Chuck: Now if you're asking which of the places that I would look at most importantly I would say it's probably Saudi Arabia, Egypt and Iran. Egypt is stable for the moment. President Sisi has clamped down hard and I don't see any dangers to the regime for the moment. But as I said before the Arab Spring was going to be with us in any event. And the tensions are all bubbling under the surface and they can erupt at any moment, and I think that's true ... Well, not at any moment in Egypt, but not necessarily far off.
Chuck: The Saudis have got multiple crises to deal with at the same time, and the crown prince has got enemies and they want to take advantage of these crises to maybe see to it that they, and not he, end up succeeding to the king. And the king himself is quite ill, so that could happen any time tomorrow or in the next couple or few years.
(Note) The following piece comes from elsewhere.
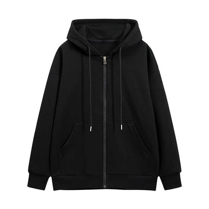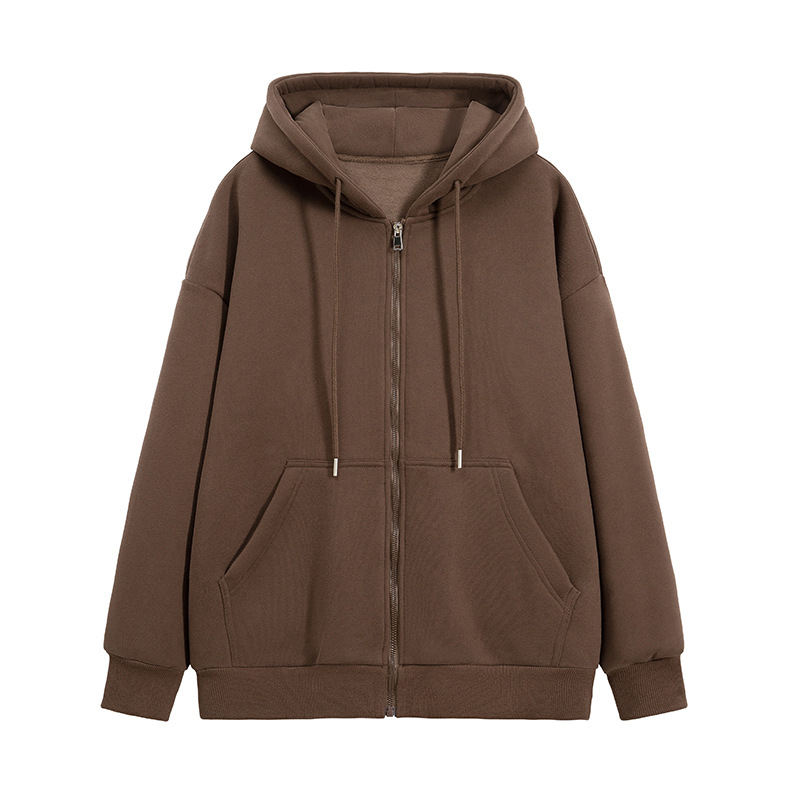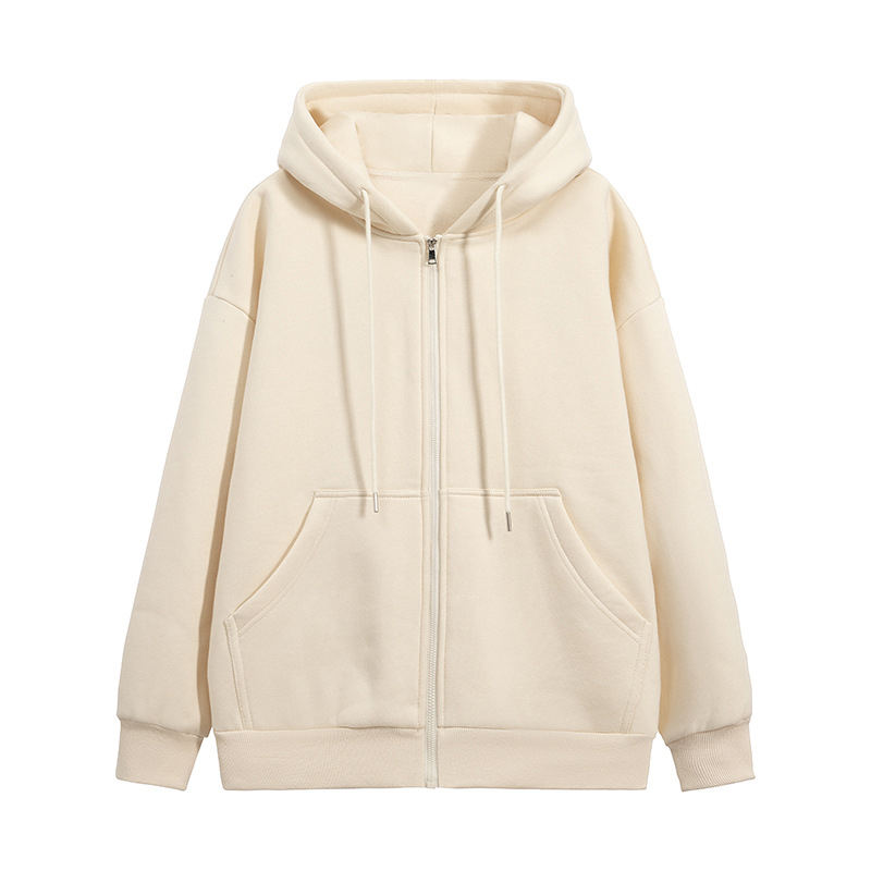 เสื้อฮู้ดกีฬาแบบลำลองใส่ได้ทั้งชายและหญิงเสื้อฮู้ดกีฬาปล่อยไหล่ทรงหลวมมีซิปขนาดใหญ่ออกแบบโลโก้ได้ตามต้องการ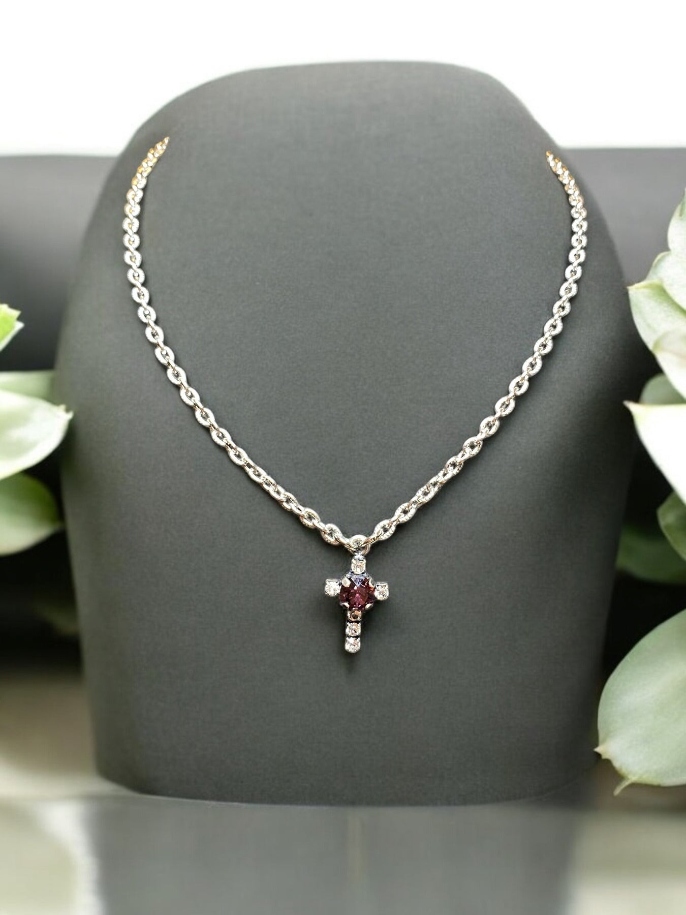• Cross on necklace is antique silver with 6mm Amethyst Crystal in center along with 6 rhinestones in clear

And Iran, people have been wondering when there was going to be regime change in Iran just ever since the revolution in '79.
Chuck: There's no way of knowing when it will happen, it could happen five minutes from now or not for 50 years from now. And I don't think anyone can give a much more precise assessment than that. But there are some things that have changed. This is a revolution which is now 40 years old, all revolutions lose their fervor, run out of steam over time. That is certainly the case in Iran where not all, but some majority of the country, we don't have precise polling information so it's hard to say what, but I think there's a clear majority of the population which wants some sort of change.
Chuck: Now, it doesn't have to be complete regime change. Some of them want a more moderate, and if you will nicer Islamic republic, but a lot of them also just want a different republic. Hopefully a democratic one. And so we've seen the protests in Iran and around the region. They have mishandled the corona crisis, they mishandled other things in recent years. The economic pain caused by the sanctions has been severe. Now, they responded by adopting what they called a resistance economy. Meaning that they cut back in all sorts of areas, they're trying to develop their own domestic industry so that they can become an economic autarchy. But that only goes so far. And if they have to face five more years of President Trump, of the maximum pressure campaign, that already becomes a big challenge to them. And I'm not saying that regime change will necessarily happen in the next five years, but it could.
Chuck: The possibility increases significantly, and then they'll have to see if they can work more effectively with Mr. Biden or not. Beyond that you've got the problems in almost all the countries in the region and your listeners are investors, so I would invest wisely. I wouldn't bet on stability pretty much anywhere in the region.
Jack: Very good, so old themes with very new dynamics. Geopolitics in the age of Covid. We thank Professor Chuck Freilich so much for the perspective on the middle east. And hope you're doing well, hope you continue to be well and thanks again for joining us.
Chuck: Thank you very much, my pleasure.